#### Work item
Leave every picture out, and write out the remaining entries exactly.

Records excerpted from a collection
┌────────

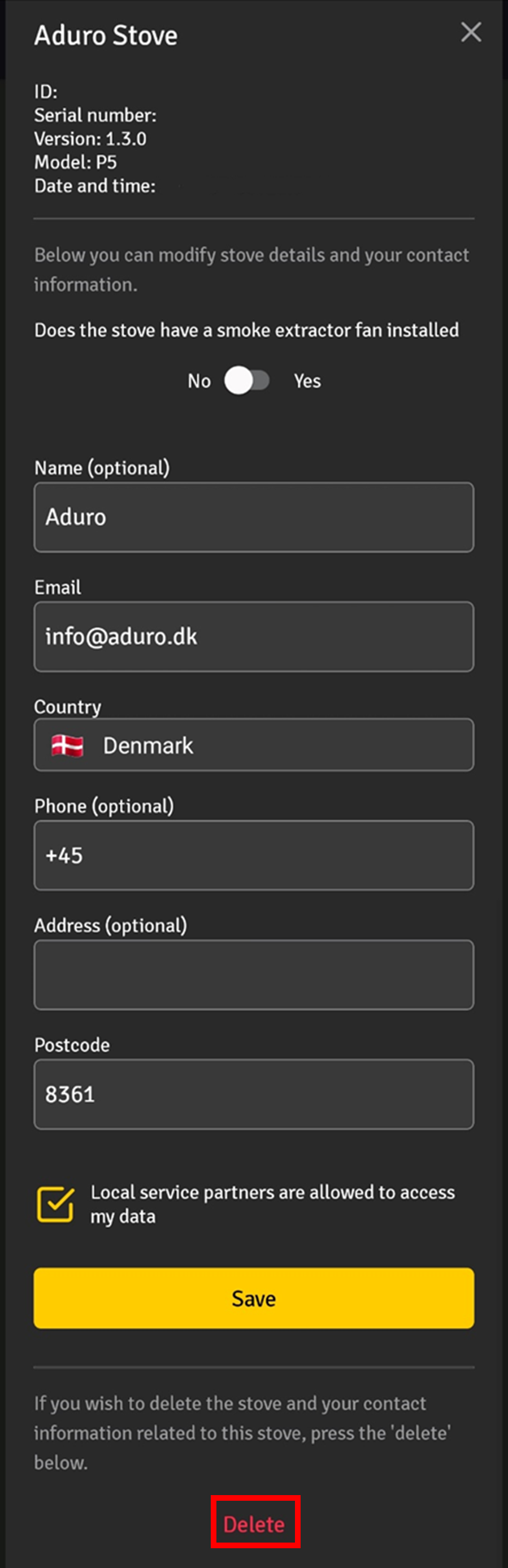 If you are selling your stove or no longer wish to have it connected to the Aduro Pellet App and cloud services, you can remove the stove directly within the app. This action will permanently delete all cloud-stored data related to the specific stove.
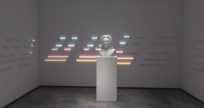Sanatçı Alan Warburton, J.S. Bach’ın “The Well-Tempered Clavier”ından iki eserini bir galerinin bembeyaz duvarlarına, zeminine, tavanına, merdivenlerine ve hatta otoparkına ve korkuluklarına yerleştiği floresan ampüllerle görsel olarak yorumlamış.
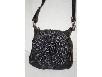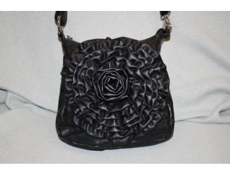 Stay in style with this Steve Madden mini purse. Black pleather shell with floral sunburst accent. Silver hardware and black interior.
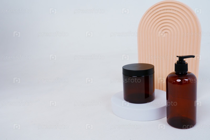 Композиция с геометрическими фигурами. Уход за телом. бутылка с дозатором и баночка с кремом на светло-сером фоне. Рекламная концепция
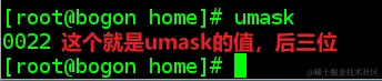 umask 的值是 0022,第一个0不用管先,在Linux操作系统中,有初始最大权限的概念,文件是 666,文件夹是 777,这就相当于锁定一个初始值。

└────────

#### Solution below
 If you are selling your stove or no longer wish to have it connected to the Aduro Pellet App and cloud services, you can remove the stove directly within the app. This action will permanently delete all cloud-stored data related to the specific stove.
Sanatçı Alan Warburton, J.S. Bach’ın “The Well-Tempered Clavier”ından iki eserini bir galerinin bembeyaz duvarlarına, zeminine, tavanına, merdivenlerine ve hatta otoparkına ve korkuluklarına yerleştiği floresan ampüllerle görsel olarak yorumlamış.
 Stay in style with this Steve Madden mini purse. Black pleather shell with floral sunburst accent. Silver hardware and black interior.
 Композиция с геометрическими фигурами. Уход за телом. бутылка с дозатором и баночка с кремом на светло-сером фоне. Рекламная концепция
 umask 的值是 0022,第一个0不用管先,在Linux操作系统中,有初始最大权限的概念,文件是 666,文件夹是 777,这就相当于锁定一个初始值。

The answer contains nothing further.